De grondgebonden veehouderij stoot van alle agrarische sectoren veruit de meeste stikstof uit. 87% van die emissies is gerelateerd aan de mestproductie van de dieren, 9% aan het gebruik van kunstmest en 4% aan gewas(resten). “Dierlijke mest veroorzaakt vooral een NH3-emissie in met mest bevuilde stallen, door opslag van drijfmest (met name in mestkelders en bij aanwending van drijfmest bij bemesting van weide- en akkergronden).” (Commissie Remkes, p. 33). Gerekend naar de totale emissie van stikstof (NH3 en NOx) op de Nederlandse bodem, heeft de agrarische sector daarin een aandeel van 46%. Het aandeel van de uit de landbouw afkomstige stikstof neerslag in Natura-2000 gebieden bedraagt 41%(Commissie Remkes, p. 32). Uit deze cijfers blijkt het belang van stikstofreductie in de agrarische sector.

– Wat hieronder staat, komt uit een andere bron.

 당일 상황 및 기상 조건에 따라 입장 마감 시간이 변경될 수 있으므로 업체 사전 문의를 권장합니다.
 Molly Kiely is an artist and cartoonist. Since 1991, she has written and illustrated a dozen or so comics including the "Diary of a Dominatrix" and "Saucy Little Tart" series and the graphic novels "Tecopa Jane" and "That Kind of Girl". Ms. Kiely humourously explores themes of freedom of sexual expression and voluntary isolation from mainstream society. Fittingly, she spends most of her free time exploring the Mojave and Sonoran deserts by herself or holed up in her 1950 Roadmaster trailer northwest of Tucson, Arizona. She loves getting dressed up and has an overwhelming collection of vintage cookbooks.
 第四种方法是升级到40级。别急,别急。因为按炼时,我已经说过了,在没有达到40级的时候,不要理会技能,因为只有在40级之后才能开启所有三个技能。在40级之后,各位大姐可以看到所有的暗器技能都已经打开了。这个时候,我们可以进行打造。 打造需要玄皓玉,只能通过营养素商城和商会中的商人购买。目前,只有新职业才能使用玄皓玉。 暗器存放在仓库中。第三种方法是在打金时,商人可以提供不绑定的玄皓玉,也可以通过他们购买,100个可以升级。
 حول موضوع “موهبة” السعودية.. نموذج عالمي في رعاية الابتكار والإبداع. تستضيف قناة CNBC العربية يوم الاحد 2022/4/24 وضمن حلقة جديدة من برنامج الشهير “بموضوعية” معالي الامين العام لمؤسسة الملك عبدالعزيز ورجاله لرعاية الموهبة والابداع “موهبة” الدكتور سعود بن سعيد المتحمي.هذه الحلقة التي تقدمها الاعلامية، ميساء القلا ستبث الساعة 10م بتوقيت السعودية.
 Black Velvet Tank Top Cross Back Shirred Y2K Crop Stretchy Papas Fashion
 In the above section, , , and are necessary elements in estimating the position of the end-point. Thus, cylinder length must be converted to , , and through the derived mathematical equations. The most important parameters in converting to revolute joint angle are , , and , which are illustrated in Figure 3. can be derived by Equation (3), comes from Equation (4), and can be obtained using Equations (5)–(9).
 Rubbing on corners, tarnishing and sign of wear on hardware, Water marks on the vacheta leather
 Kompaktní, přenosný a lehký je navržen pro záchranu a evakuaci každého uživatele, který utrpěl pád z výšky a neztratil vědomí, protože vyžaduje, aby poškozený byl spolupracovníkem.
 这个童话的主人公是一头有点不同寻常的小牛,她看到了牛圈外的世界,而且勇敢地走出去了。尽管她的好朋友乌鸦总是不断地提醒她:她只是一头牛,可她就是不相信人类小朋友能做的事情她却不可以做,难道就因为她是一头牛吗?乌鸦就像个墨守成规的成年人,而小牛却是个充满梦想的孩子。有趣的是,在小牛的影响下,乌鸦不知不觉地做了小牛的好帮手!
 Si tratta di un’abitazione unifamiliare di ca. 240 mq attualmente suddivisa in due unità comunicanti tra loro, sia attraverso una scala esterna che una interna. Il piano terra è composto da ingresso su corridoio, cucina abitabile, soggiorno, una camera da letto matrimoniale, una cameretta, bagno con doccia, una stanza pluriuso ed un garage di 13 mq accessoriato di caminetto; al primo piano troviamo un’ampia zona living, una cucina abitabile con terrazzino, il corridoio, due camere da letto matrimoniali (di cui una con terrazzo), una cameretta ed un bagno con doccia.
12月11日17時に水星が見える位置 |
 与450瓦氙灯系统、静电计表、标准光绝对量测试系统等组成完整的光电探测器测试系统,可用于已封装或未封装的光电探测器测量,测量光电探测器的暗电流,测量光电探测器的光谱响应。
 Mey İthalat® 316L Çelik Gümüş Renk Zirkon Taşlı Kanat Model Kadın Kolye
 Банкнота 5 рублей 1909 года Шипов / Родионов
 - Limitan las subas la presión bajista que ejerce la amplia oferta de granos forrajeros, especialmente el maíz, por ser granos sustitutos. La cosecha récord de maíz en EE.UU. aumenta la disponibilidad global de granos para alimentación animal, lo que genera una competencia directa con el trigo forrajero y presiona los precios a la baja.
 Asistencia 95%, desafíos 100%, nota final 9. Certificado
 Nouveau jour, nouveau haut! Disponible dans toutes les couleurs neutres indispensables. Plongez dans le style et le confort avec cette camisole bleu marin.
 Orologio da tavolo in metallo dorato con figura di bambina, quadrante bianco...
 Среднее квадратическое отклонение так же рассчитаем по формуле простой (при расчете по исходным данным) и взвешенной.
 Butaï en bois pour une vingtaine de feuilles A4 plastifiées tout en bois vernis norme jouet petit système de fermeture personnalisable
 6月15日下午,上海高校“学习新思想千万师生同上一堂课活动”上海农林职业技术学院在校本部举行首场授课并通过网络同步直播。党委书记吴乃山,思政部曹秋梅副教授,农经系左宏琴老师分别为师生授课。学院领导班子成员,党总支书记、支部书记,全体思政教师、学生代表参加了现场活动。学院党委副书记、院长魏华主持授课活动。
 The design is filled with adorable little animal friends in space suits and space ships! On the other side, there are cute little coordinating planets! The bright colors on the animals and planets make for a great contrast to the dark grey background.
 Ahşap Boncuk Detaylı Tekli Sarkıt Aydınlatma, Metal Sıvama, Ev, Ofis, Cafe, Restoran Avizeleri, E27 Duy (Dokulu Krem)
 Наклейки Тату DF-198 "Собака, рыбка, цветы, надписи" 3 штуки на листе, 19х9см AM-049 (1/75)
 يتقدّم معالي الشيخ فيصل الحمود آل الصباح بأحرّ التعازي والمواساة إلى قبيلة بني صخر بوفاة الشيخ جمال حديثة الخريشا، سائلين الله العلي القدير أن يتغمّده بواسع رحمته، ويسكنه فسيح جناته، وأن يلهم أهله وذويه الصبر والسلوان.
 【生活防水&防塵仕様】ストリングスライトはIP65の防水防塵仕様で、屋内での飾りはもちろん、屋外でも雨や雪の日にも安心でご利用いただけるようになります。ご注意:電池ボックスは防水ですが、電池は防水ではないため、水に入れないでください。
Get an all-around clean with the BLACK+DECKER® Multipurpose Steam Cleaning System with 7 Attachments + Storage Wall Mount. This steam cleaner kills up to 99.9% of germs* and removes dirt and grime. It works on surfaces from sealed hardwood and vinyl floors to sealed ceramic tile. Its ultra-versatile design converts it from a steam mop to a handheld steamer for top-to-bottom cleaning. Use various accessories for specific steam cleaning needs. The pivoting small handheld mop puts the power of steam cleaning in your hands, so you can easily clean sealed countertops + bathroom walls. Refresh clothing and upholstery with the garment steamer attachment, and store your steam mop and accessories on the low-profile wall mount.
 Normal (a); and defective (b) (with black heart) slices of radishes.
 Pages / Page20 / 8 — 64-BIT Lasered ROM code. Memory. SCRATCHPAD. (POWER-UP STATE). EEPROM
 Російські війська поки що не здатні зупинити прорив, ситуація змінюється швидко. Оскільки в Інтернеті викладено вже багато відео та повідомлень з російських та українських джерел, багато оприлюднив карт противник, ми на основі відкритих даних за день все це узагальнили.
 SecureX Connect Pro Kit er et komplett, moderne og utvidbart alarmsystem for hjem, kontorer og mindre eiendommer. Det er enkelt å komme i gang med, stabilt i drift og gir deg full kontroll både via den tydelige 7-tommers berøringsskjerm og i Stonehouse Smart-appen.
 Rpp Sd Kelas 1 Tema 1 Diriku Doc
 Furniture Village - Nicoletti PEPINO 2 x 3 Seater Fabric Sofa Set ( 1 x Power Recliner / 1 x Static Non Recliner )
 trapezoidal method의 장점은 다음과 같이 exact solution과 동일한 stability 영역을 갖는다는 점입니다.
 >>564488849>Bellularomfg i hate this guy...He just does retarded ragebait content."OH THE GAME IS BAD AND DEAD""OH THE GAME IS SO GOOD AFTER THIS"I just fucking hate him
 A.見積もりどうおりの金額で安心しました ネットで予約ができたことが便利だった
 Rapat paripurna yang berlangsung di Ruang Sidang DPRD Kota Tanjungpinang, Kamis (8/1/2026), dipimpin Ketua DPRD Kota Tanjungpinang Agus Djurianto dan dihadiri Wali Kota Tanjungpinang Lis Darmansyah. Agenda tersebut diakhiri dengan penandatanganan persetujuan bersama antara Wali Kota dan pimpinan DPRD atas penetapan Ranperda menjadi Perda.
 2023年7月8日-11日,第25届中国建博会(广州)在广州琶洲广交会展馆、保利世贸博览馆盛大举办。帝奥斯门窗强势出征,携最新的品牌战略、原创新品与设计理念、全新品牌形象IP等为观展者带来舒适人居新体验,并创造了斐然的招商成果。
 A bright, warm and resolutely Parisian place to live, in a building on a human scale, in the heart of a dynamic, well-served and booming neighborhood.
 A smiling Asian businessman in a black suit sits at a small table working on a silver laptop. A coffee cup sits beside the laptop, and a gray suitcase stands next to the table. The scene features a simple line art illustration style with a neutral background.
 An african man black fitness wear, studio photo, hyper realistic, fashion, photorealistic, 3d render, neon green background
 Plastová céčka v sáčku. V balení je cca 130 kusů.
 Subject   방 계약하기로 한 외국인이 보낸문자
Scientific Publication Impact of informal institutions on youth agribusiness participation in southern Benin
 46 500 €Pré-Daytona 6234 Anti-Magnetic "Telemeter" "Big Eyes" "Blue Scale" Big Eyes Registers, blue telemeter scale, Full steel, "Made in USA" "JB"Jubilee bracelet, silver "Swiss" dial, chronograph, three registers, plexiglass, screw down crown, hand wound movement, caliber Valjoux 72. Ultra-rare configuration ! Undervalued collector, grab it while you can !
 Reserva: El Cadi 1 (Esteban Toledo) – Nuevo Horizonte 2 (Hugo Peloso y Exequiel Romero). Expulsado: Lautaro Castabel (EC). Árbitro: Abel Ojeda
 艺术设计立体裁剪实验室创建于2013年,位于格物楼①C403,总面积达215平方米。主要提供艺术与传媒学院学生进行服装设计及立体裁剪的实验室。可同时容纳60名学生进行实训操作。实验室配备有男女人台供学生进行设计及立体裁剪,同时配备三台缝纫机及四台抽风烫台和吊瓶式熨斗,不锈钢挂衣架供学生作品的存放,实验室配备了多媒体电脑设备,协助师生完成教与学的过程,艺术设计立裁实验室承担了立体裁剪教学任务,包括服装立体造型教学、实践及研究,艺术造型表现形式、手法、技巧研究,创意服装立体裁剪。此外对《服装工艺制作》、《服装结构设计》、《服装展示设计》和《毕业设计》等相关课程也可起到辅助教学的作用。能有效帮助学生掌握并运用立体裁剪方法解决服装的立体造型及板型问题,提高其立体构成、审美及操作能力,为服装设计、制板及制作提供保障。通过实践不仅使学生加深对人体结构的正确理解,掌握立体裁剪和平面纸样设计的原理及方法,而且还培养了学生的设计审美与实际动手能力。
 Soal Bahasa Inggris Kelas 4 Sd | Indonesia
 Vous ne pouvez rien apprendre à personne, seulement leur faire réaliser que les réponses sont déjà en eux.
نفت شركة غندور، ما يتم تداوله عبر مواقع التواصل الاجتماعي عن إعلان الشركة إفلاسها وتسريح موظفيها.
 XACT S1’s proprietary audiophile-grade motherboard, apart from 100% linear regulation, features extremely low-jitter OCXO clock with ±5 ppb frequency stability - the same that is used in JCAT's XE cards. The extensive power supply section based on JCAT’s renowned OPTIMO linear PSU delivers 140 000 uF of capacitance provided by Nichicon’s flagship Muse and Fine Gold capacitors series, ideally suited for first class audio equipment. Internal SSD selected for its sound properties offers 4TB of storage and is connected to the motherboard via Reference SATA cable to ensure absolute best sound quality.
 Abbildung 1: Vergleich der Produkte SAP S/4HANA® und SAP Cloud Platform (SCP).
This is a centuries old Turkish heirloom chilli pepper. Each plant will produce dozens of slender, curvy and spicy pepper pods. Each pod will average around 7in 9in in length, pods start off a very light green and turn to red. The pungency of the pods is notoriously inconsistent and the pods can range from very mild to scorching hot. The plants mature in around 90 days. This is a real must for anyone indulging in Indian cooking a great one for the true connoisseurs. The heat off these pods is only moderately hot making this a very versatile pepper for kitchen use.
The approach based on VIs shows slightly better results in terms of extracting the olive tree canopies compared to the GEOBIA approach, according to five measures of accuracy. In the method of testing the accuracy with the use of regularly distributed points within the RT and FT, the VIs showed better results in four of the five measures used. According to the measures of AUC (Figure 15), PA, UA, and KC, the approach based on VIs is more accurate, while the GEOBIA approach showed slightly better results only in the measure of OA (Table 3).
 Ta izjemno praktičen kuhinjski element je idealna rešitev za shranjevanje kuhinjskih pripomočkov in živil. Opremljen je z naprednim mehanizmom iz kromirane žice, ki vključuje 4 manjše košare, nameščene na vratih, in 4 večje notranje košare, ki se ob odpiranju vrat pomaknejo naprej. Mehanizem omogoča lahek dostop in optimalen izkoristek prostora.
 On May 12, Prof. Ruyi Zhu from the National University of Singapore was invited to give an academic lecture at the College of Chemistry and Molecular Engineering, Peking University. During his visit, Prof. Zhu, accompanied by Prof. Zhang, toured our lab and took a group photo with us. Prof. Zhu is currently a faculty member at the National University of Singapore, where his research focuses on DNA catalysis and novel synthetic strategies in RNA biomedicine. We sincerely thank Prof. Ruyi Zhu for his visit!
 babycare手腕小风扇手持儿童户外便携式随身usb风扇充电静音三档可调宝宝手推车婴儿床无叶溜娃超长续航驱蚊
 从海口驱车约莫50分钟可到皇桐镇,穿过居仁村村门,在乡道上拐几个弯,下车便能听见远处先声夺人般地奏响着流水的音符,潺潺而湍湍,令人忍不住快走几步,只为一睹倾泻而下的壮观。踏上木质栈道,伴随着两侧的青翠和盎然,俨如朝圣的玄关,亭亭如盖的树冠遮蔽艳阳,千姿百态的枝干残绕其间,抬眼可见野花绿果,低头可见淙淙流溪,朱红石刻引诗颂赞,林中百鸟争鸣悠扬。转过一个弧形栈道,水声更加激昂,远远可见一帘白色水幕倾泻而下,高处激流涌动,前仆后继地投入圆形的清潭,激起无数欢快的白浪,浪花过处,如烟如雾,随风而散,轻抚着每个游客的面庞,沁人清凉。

De potentie van mestvergisting

Tegen deze achtergrond heeft Niek onderzocht of en in welke mate het vergisten van dierlijke mest bijdraagt aan het reduceren van de stikstof- en broeikasemissies op de melkveehouderij. Mestvergisting op boerderijschaal is een gangbare techniek die overal in Nederland en daarbuiten wordt toegepast, zij het in Nederland nog in bescheiden mate. Er zijn verschillende redenen om mest te vergisten. De belangrijkste reden is het produceren van duurzame energie. Tot dusverre overwegend elektriciteit, maar in toenemende mate ook groen gas (opgewaardeerd biogas) dat kan dienen als alternatief voor aardgas.

 

Nederland wil van het aardgas af, maar heeft tegelijkertijd het meest verfijnde gasleidingennet van de wereld. Het zou enorme kapitaalvernietiging zijn als dit leidingennet niet meer gebruikt zou worden. Groen gas kan getransporteerd worden door het bestaande gasleidingennetwerk in Nederland. Daarnaast voorziet mestvergisting in de eigen energiebehoefte (warmte en elektriciteit) van de boerderij. Verder is de voedingswaarde van het restproduct van mestvergisting, digestaat, vergelijkbaar met die van pure dierlijke mest. Tenslotte wordt verondersteld dat mestvergisting ook zal bijdragen aan het reduceren van de ammoniak, methaan en CO2-uitstoot op de boerderij. Tot dusverre ontbreken echter betrouwbare en onderbouwde gegevens om deze veronderstelling te bevestigen. Niek’s onderzoek heeft cijfers geproduceerd die het emissiereductiepotentieel van mestvergisting op de boerderij bevestigen.(1) Zijn onderzoek is uitgevoerd in nauwe samenwerking met vier melkveehouderijbedrijven in Overijssel en met betrokkenheid en ondersteuning van Mineral Valley Twente.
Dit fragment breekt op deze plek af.